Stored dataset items
+-------+

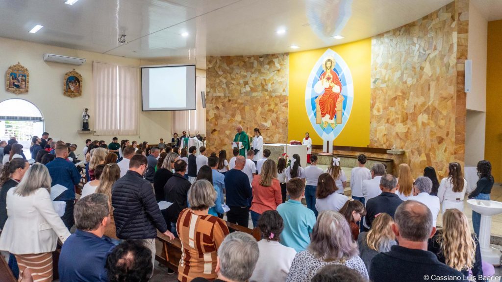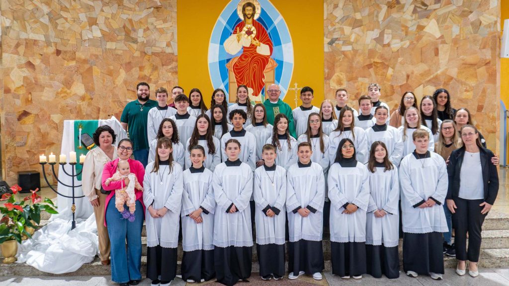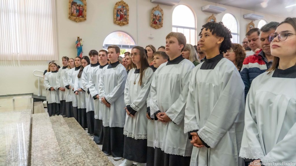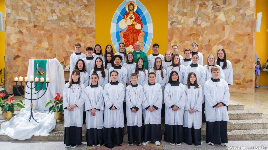 Na manhã do dia 28 de setembro, a Comunidade Paroquial Sagrado Coração de Jesus, em Massaranduba/SC, viveu um momento de alegria e fé com a investidura de 29 novos Acólitos. Durante o mês de agosto, os jovens foram preparados pela Coordenação Paroquial de Coroinhas e Acólitos para assumirem essa missão especial de serviço ao altar e à comunidade.
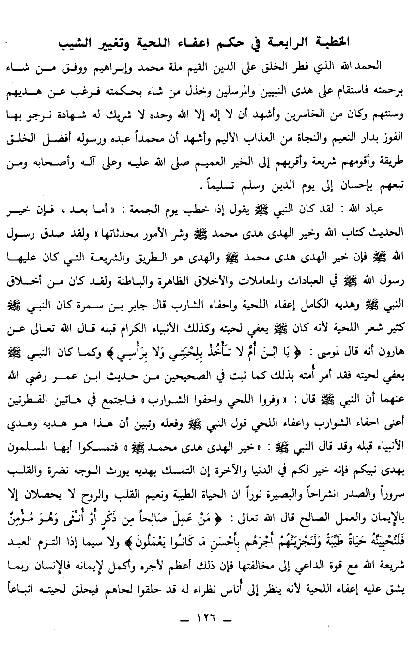 [الخطبة الرابعة في حكم اعفاء اللحية وتغيير الشيب]
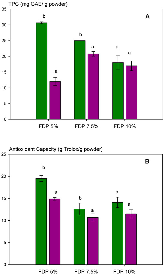 Analysis of the stability of the total polyphenol content and antioxidant activity of powder additives at different relative humidities (RH): (A) total polyphenol content (TPC); (B) antioxidant capacity of the powders quantified by DPPH radical scavenging activity. Green bars indicate relative humidity 33%, and violet bars indicate a relative humidity 75%. FDP = freeze-drying powder at different chickpea protein concentrations in % w/v. GAE = gallic acid equivalent. Different letters (a,b) indicate significant differences (p < 0.05) between samples.
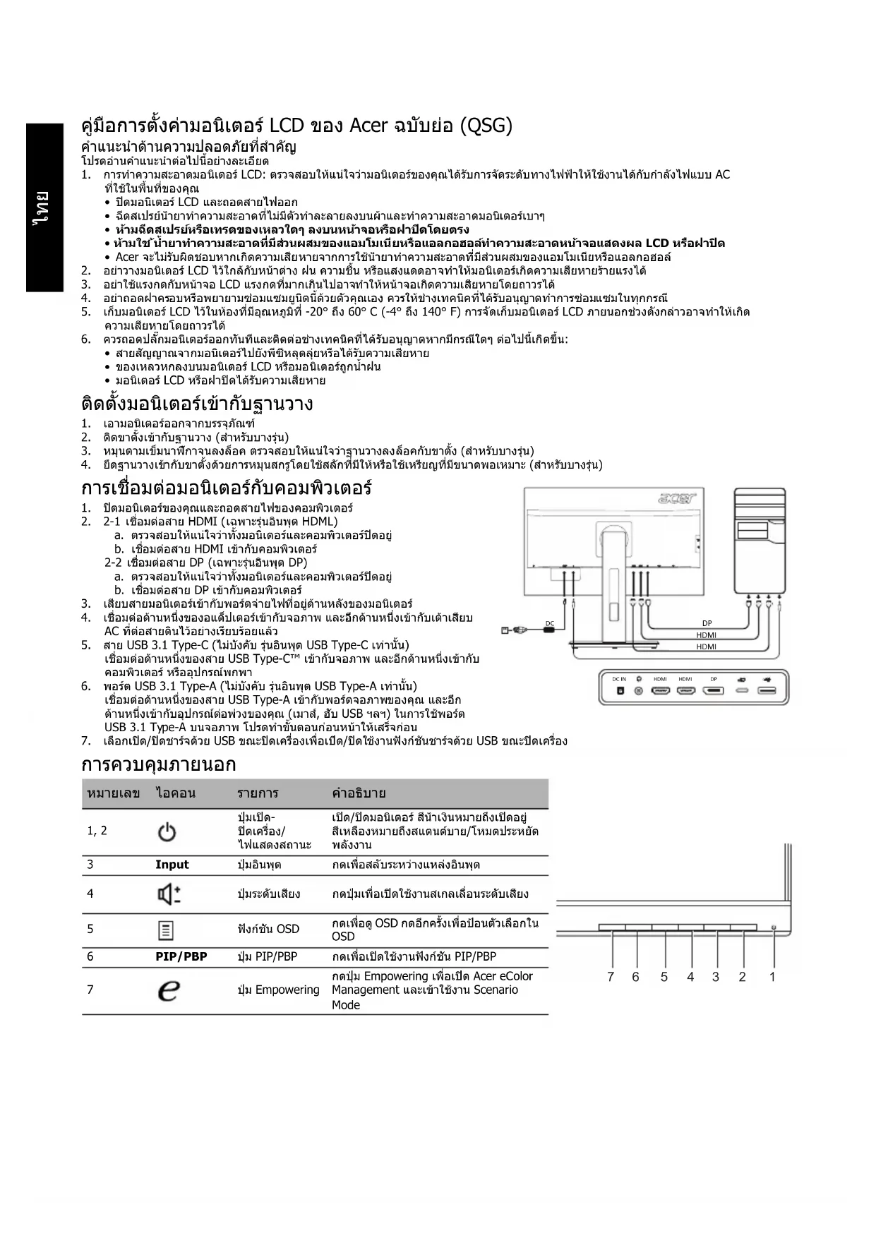 การเปลี่ยนแปลงหรือแกไขที่ไมไดรับการอนุมัติโดยชัดแจงจากผูผลิตอาจทําใหสิทธิ์ของผูใชซึ่งไดรับจาก Federal Communications Commission ในการใชงานผลิตภัณฑนี้เปนโมฆะได เงื่อนไขการใชงาน อุปกรณนี้เปนไปตาม Part 15 ของกฎ FCC การใชงานตองอยูภายใตเงื่อนไขสองขอตอไปนี้: (1) อุปกรณนี้อาจไมกอใหเกิดสัญญาณรบกวนที่เปน อันตรายและ (2) อุปกรณนี้ตองยอมรับสัญญาณรบกวนทั้งหมดที่ไดรับ รวมถึงสัญญาณรบกวนที่อาจกอใหเกิดการทํางานที่ไมพึงประสงค ขอสังเกต: ผูใชของประเทศแคนาดา อุปกรณดิจิตอล Class B นี้เปนไปตาม Canadian ICES-003 Remarque à l'intention des utilisateurs canadiens Cet appareil numérique de la classe B est conforme à la norme NMB-003 du Canada. การกําจัดขยะจากอุปกรณโดยผูใชในแบบสวนตัวในครัวเรือนภายในสหภาพยุโรป สัญลักษณนี้ที่อยูบนผลิตภัณฑนี้หรือบนบรรจ ุภัณฑเปนการระบุวาผลิตภัณฑนี้จะตองไมถูกกําจัดรวมกับขยะในครัวเรือนอื่นๆ ของคุณ โดยจะเปนความรับผิดชอบของคุณในการกําจัดขยะจากอุปกรณโดยทิ้งมอบใหจุดเก็บรวบรวมที่กําหนดไวสําหรับการรีไซเคิลขยะ จากอุปกรณอิเล็กทรอนิกสและเครื่องใชไฟฟาโดยเฉพาะ การเก็บแยกและรีไซเคิลขยะจากอุปกรณในเวลาที่จะกําจัดจะชวยอนุรักษ ทรัพยากรธรรมชาติและทําใหแนใจไดวาจะไดรับการรีไซเคิลดวยวิธีที่ชวยปกปองสุขภาพของมน ุษยและสิ่งแวดลอม สําหรับขอมูล เพิ่มเติมเกี่ยวกับสถานที่ที่คุณสามารถสงมอบขยะจากอุปกรณของคุณสําหรับการรีไซเคิล โปรดติดตอสํานักงานเขต (ที่วาการอําเภอ) ในทองถิ่นของคุณ เทศบาลกําจัดขยะในครัวเรือน หรือรานคาที่คุณซื้อผลิตภัณฑ ขอความคําเตือนสําหรับแมเหล็ก อุปกรณอิเล็กทรอนิกสบางประเภท เชนฮารดไดรฟ อุปกรณ USB คอมพิวเตอรแท็บเล็ต แล็ปท็อป โทรศัพทมือถือ นาฬิกา หูฟง ลําโพง บัตรเครดิต บ ัตรประจําตัวแบบแมเหล็ก ฯลฯ นั้นมีความไวตอ สนามแมเหล็กและอาจไดรับความเสียหายอยางถาวรหรือใชงานไมไดชั่วคราวหากอยูในสนามแมเหล็ก ที่แรงมากเกินไป อุปกรณอิเล็กทรอนิกสไมควรวางอยูใกลกับหรือบนพื้นที่แมเหล็กของฐานวางมอนิเตอร
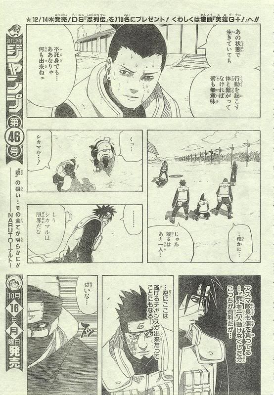 ชิกามารุ : แฮ่ก ๆ !! ถ้ามันเป็นอมตะจริงก้อน่าจะมีชีวิตอยู่โดยสภาพไร้ร่างกายได้ แต่ยังไงมันต้องการร่างกลับมา .... คาถาจะไร้ผลต่อเมื่อร่างกาย

+-------+

_Task instructions_
Leave out the pictures and return the rest of the records exactly.

_Exercise result_
 Na manhã do dia 28 de setembro, a Comunidade Paroquial Sagrado Coração de Jesus, em Massaranduba/SC, viveu um momento de alegria e fé com a investidura de 29 novos Acólitos. Durante o mês de agosto, os jovens foram preparados pela Coordenação Paroquial de Coroinhas e Acólitos para assumirem essa missão especial de serviço ao altar e à comunidade.
 [الخطبة الرابعة في حكم اعفاء اللحية وتغيير الشيب]
 Analysis of the stability of the total polyphenol content and antioxidant activity of powder additives at different relative humidities (RH): (A) total polyphenol content (TPC); (B) antioxidant capacity of the powders quantified by DPPH radical scavenging activity. Green bars indicate relative humidity 33%, and violet bars indicate a relative humidity 75%. FDP = freeze-drying powder at different chickpea protein concentrations in % w/v. GAE = gallic acid equivalent. Different letters (a,b) indicate significant differences (p < 0.05) between samples.
 การเปลี่ยนแปลงหรือแกไขที่ไมไดรับการอนุมัติโดยชัดแจงจากผูผลิตอาจทําใหสิทธิ์ของผูใชซึ่งไดรับจาก Federal Communications Commission ในการใชงานผลิตภัณฑนี้เปนโมฆะได เงื่อนไขการใชงาน อุปกรณนี้เปนไปตาม Part 15 ของกฎ FCC การใชงานตองอยูภายใตเงื่อนไขสองขอตอไปนี้: (1) อุปกรณนี้อาจไมกอใหเกิดสัญญาณรบกวนที่เปน อันตรายและ (2) อุปกรณนี้ตองยอมรับสัญญาณรบกวนทั้งหมดที่ไดรับ รวมถึงสัญญาณรบกวนที่อาจกอใหเกิดการทํางานที่ไมพึงประสงค ขอสังเกต: ผูใชของประเทศแคนาดา อุปกรณดิจิตอล Class B นี้เปนไปตาม Canadian ICES-003 Remarque à l'intention des utilisateurs canadiens Cet appareil numérique de la classe B est conforme à la norme NMB-003 du Canada. การกําจัดขยะจากอุปกรณโดยผูใชในแบบสวนตัวในครัวเรือนภายในสหภาพยุโรป สัญลักษณนี้ที่อยูบนผลิตภัณฑนี้หรือบนบรรจ ุภัณฑเปนการระบุวาผลิตภัณฑนี้จะตองไมถูกกําจัดรวมกับขยะในครัวเรือนอื่นๆ ของคุณ โดยจะเปนความรับผิดชอบของคุณในการกําจัดขยะจากอุปกรณโดยทิ้งมอบใหจุดเก็บรวบรวมที่กําหนดไวสําหรับการรีไซเคิลขยะ จากอุปกรณอิเล็กทรอนิกสและเครื่องใชไฟฟาโดยเฉพาะ การเก็บแยกและรีไซเคิลขยะจากอุปกรณในเวลาที่จะกําจัดจะชวยอนุรักษ ทรัพยากรธรรมชาติและทําใหแนใจไดวาจะไดรับการรีไซเคิลดวยวิธีที่ชวยปกปองสุขภาพของมน ุษยและสิ่งแวดลอม สําหรับขอมูล เพิ่มเติมเกี่ยวกับสถานที่ที่คุณสามารถสงมอบขยะจากอุปกรณของคุณสําหรับการรีไซเคิล โปรดติดตอสํานักงานเขต (ที่วาการอําเภอ) ในทองถิ่นของคุณ เทศบาลกําจัดขยะในครัวเรือน หรือรานคาที่คุณซื้อผลิตภัณฑ ขอความคําเตือนสําหรับแมเหล็ก อุปกรณอิเล็กทรอนิกสบางประเภท เชนฮารดไดรฟ อุปกรณ USB คอมพิวเตอรแท็บเล็ต แล็ปท็อป โทรศัพทมือถือ นาฬิกา หูฟง ลําโพง บัตรเครดิต บ ัตรประจําตัวแบบแมเหล็ก ฯลฯ นั้นมีความไวตอ สนามแมเหล็กและอาจไดรับความเสียหายอยางถาวรหรือใชงานไมไดชั่วคราวหากอยูในสนามแมเหล็ก ที่แรงมากเกินไป อุปกรณอิเล็กทรอนิกสไมควรวางอยูใกลกับหรือบนพื้นที่แมเหล็กของฐานวางมอนิเตอร
 ชิกามารุ : แฮ่ก ๆ !! ถ้ามันเป็นอมตะจริงก้อน่าจะมีชีวิตอยู่โดยสภาพไร้ร่างกายได้ แต่ยังไงมันต้องการร่างกลับมา .... คาถาจะไร้ผลต่อเมื่อร่างกาย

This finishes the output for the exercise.